In order to stay competitive, businesses across all industries need to think about not only embracing these disruptive technologies, but how the technologies will impact the organization, Wong said. At the same time, they should be providing the right training and support for employees.

The addition of technically proficient robots and machine learning capabilities is by no means lessening the value of and need for people with technology skills.

"To attract the right talent, we are looking at those with STEM [science, technology, engineering and math] skills, in addition to traditional business backgrounds," Wong said. "While business and accounting experience present valuable skillsets, adding STEM skills into the mix brings diversity of thought to problem solving and delivers better outcomes."

EY has adopted a "suits plus jeans" approach, "melding cultures together and bringing in new mindsets, such as technology practitioners, to disrupt traditional ways of thinking and solve problems differently," Wong said.

To facilitate the mature and scalable design of blockchain services for example, the firm is hiring a mix of talent including cryptographers, physicists, mathematicians, and software developers. As the needs of its clients evolve, EY is embracing the importance of recruiting candidates with future-focused skills.

Part of the strategy of adapting for the future of work is committing to a culture of "learning how to learn," Wong said. "It's not simply enough to teach a skillset, enterprises have an obligation to their workforce and communities to ongoing learning," he said. "As this digital shift is underway, it is important that business build a workforce that is agile and malleable to accommodate the pace of change."

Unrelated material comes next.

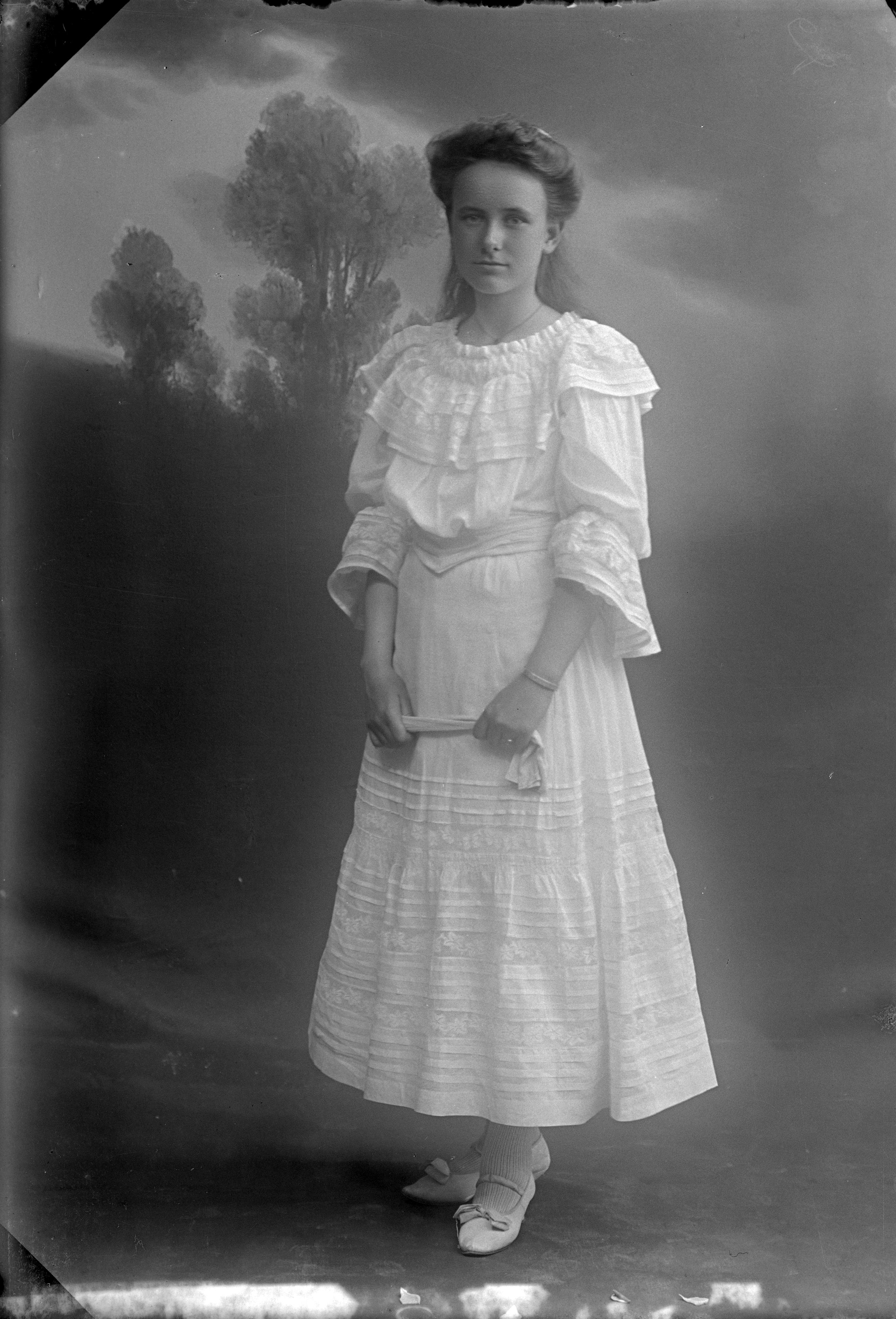 Beskrivning: Porträtt i helfigur av Stina (efternamn saknas) stående invid ateljéfond.

It's less about having the right skillset and more about learning how to learn and to continuously evolve. To embrace this concept, the firm has launched EY Badges, a digital certification program that allows employees to earn credentials in future-focused skills, centered on key disruptive technologies such as AI, RPA, blockchain, and big data, Wong said.

"EY is using this program to equip our people with the skills needed to solve the complex problems of the future," Wong said.

Businesses should also embrace the potential intrinsic to each disruptive technology. "AI, for example, could be one of the most disruptive technologies in history, and is commercially viable today," Wong said. "But it is currently underinvested, and organizations are not yet fully capitalizing on its potential."